Программа природоохранных мероприятий, вытекающая из комбинации гипотетических заместителей рынка и опасения потерять саму возможность вести образ жизни, ориентированный на гармонию с природой, в том обществе, которое в целом малочувствительно к экологическим ценностям, оказывается гораздо скромнее, чем аналогичная программа, опирающаяся на признание объективной ценности такого образа жизни, а тем более — на признание внутренней ценности самих природных объектов. Пользуясь термином экофилософа Б.Нортона, эти программы будут порождать разный по объему «списочный состав» защищенных объектов.
Заметно более открытым для экологической озабоченности является тот вариант нормативной политической теории, который напрямую отталкивается от определенных представлений о человеческой природе и качественной, полной, процветающей человеческой жизни. Как заметил один из критиков идеи моральной нейтральности государства Р. Байнер, даже если государство и должно быть нейтрально по отношению к верующим и атеистам, мусульманам и христианам, католикам и членам англиканской церкви, оно не может быть нейтрально по отношению «к тем, чье понимание блага подчиняет экономическую выгоду экологическому благосостоянию, и тем, чье понимание блага подчиняет экологическое благосостояние экономической выгоде... Государство будет вынуждено установить моральную иерархию, еще раз оправдывая здравый смысл аристотелианского понимания политики» [Л. Beiner, 1992, p. 65]. В рамках неоаристотелианского (а равно неотомистского) понимания политики справедливое общество обязано обеспечить своим членам полноценную возможность для деятельной реализации их человеческого потенциала. Среди неотъемлемых составляющих этого потенциала присутствуют и такие, которые могут реализоваться только за счет взаимодействия с природой. Так, М. Нассбаум, одна из родоначальниц теории справедливости, опирающейся на понятие «функциональных возможностей человека» (capabilities of human functioning), отдельно обсуждает: а) возможность вести здоровую жизнь, которая прямо зависит от условий окружающей среды, б) возможность жить, устанавливая отношения с животными, растениями, миром природы в целом, а также
заботясь о них. Ярким примером обеспечения условий для реализации этой части человеческого потенциала для Нассбаум выступает комплекс мероприятий правительства Норвегии по сохранению нетронутой «лесной линии» вдоль побережья [M. Nussbaum, 2000, p. 79-80].

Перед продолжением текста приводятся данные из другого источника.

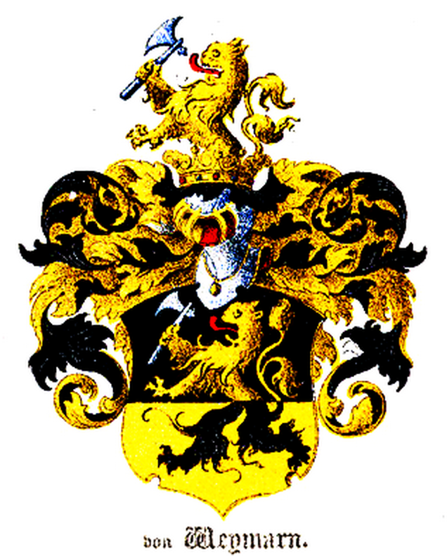 The coat of arms of the Swedish and Russian noble family von Weymarn

Однако, несмотря большую приемлемость этой теоретической парадигмы для экологически чувствительных граждан, необходимо иметь в виду, что над социальной этикой, построенной на основе идеи качества жизни, постоянно тяготеет обвинение в гуманистическом авторитаризме. Так, Дж. Уоллах уже два десятилетия назад небезуспешно попытался показать, что теория «человеческого функционирования» М. Нассбаум имплицитно содержит идею патерналистского правления философствующих экспертов по человеческой природе, кулуарно решающих фундаментальные проблемы человечества без участия прочих его представителей [J.R. Wallach, 1992, p. 629].

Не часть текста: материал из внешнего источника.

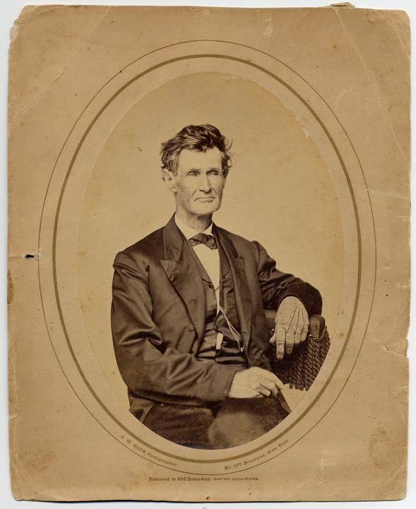 A photograph of Dr. Matthew Fleming Stephenson. The photograph was taken by George W. Hope in New York where Hope had a studio from 1857 to 1860

Таким образом, перед нами очевидный конфликт нормативных оснований и теоретических парадигм, из которого необходимо найти выход. Данную задачу попытался решить в работах конца 1990-х — начала 2000-х гг. известный британский исследователь проблем социальной справедливости Д. Миллер. Он попробовал обосновать социально-этическую неоднородность экологических благ и разработал их типологию, помогающую, с его точки зрения, выбирать правильные социально-политические механизмы их продвижения. Первая ниша в его типологии занята такими благами, как здоровое существование и защищенность от экологического ущерба. Здесь существуют вполне объективные критерии, привязанные к понятию качества жизни и перевешивающие любые индивидуальные предпочтения. Предпочтения граждан, расходящиеся с критериями качества жизни, следует рассматривать как заведомо нерациональные. Если использовать язык теории справедливости Дж. Ролза, экологические блага первой категории, по мнению Д. Миллера, должны дополнить список так называемых «первичных благ». Вторая ниша типологии включает блага, которые не являются обязательным условием полноценной человеческой жизни, но в отношении которых в конкретном сообществе имеются хорошие шансы достижения взаимоприемлемого решения на основе публичного обсуждения. Третья ниша выделена Миллером для благ, которые не только не входят в список «первичных», но и находятся в зоне настолько острых разногласий, что единственным способом принятия решений по их поводу остается выявление реальных предпочтений граждан и последующее их обобщение в итоговом расчете выгод и затрат [D. Miller, 1999, p. 171—172]. Таким образом, в типологии Миллера аргументация от уважения к авто-
номному выбору граждан и от уважения к их объективным, хотя и не всегда осознаваемым интересам разнесены по разным проблемам общественно-политической практики.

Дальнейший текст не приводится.